The upgrades will come on a thumb drive that customers will plug into their car. About 45 minutes later, the touch-screen system that controls the radio, heater, GPS and telephone will have an all-new look, and should work faster.

In their rush to get MyFord Touch and MyLincoln Touch out to customers, it has seemed Ford was more wowed with how the system looked than how it operated. Critics have said the systems are too complicated to use, but Ford says their customer base loves the systems.

Still, the company needs to make changes. Influential outside critics are downgrading Ford's vehicles based on the clunky, complicated designs.

Consumer Reports has slammed Ford for the system based on their own reviews and on consumer complaints. The screen have been confusing to use, Consumer Reports says, requiring people to spend too much time staring at the screen figuring out what to do, rather than looking at the road.

The screens also have a tendency to freeze, making it impossible to control anything in the car, like defrosting windows or turning on the heat.

The thumb drives will be sent early next year to about 250,000 customers, who can perform the updates themselves. Future iterations of MyFord Touch will come with a center knob and two side buttons, making it even more intuitive. But those types of changes can't easily be made to the current system, which is primarily a smooth touch screen, but comes with knobs for volume and fan speed. Customers have told Ford they like knobs for radio volume and tuning, so those will be coming on future models.

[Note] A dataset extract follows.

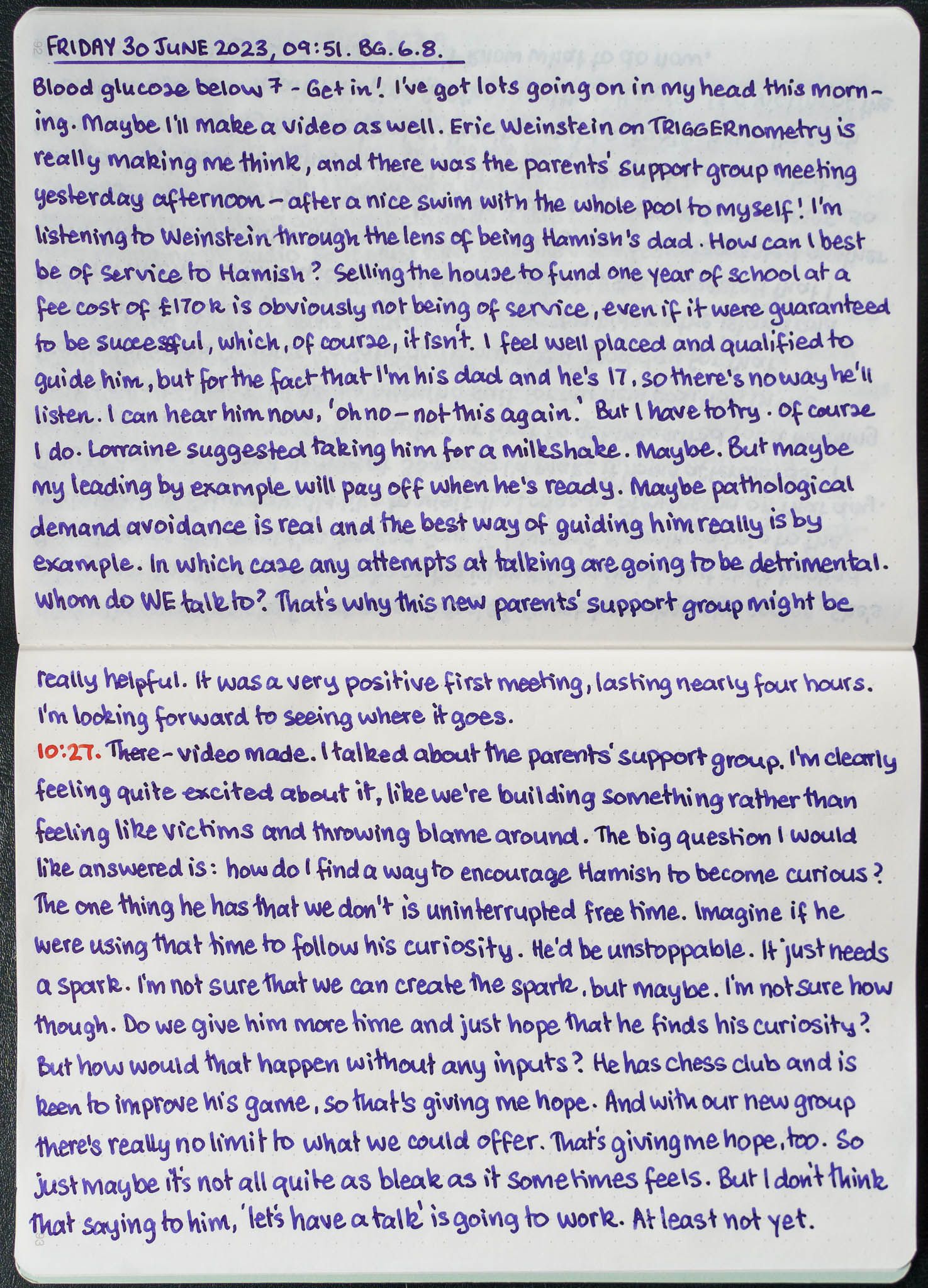 In today's pages I ended up discussing the predicament we find ourselves in with regard to our son's education, after his high school and local authority have spectacularly failed him. It's up to us now to recognise that the institutions are not going to help and figure out how to move forward in a way that will help him to reach his potential and find happiness and meaning. I go into it in a bit more detail in the video that accompanies these pages, linked below.

Another problem the company won't be able to change on current models: The location of the emergency flashers on the Ford Explorer and Ford Edge. In current models, there is a touch-sensitive button for the emergency flashers is located right under the touch screen. Many people end up resting their hand under the screen to activate the radio or heater, and while doing that end up turning on the emergency flashers. In future models, the button will be changed to a button that must be physically pushed to start the flashers.

Graydon Reitz, Ford's director of electronics engineering, said that despite complaints, the systems are among the top reasons consumers list for buying Ford cars.

But soon after they rolled out MyFord Touch, Ford recognized it needed to make some changes.

"The screens weren't as intuitive as they needed to be," he said.



Jennifer Brace, a user interface design engineer for Ford, said the changes should make the system easier to use. The design is cleaner, and buttons that drivers need to push more often are displayed more prominently.

The system seems to adopt a tenet of basic web design: Putting controls in the same place from page to page, so users don't have to go hunting around each time they change pages to figure out what to do.

And it is faster, which was clear when using the current MyFord Touch next to the new system. There is a lag in the current system, which makes users feel like system didn't feel the driver push the screen, so people often keep hitting the screen out of frustration. The upgrades will make the system move much faster – almost twice as fast -- eliminating the urge to keep hitting the screen.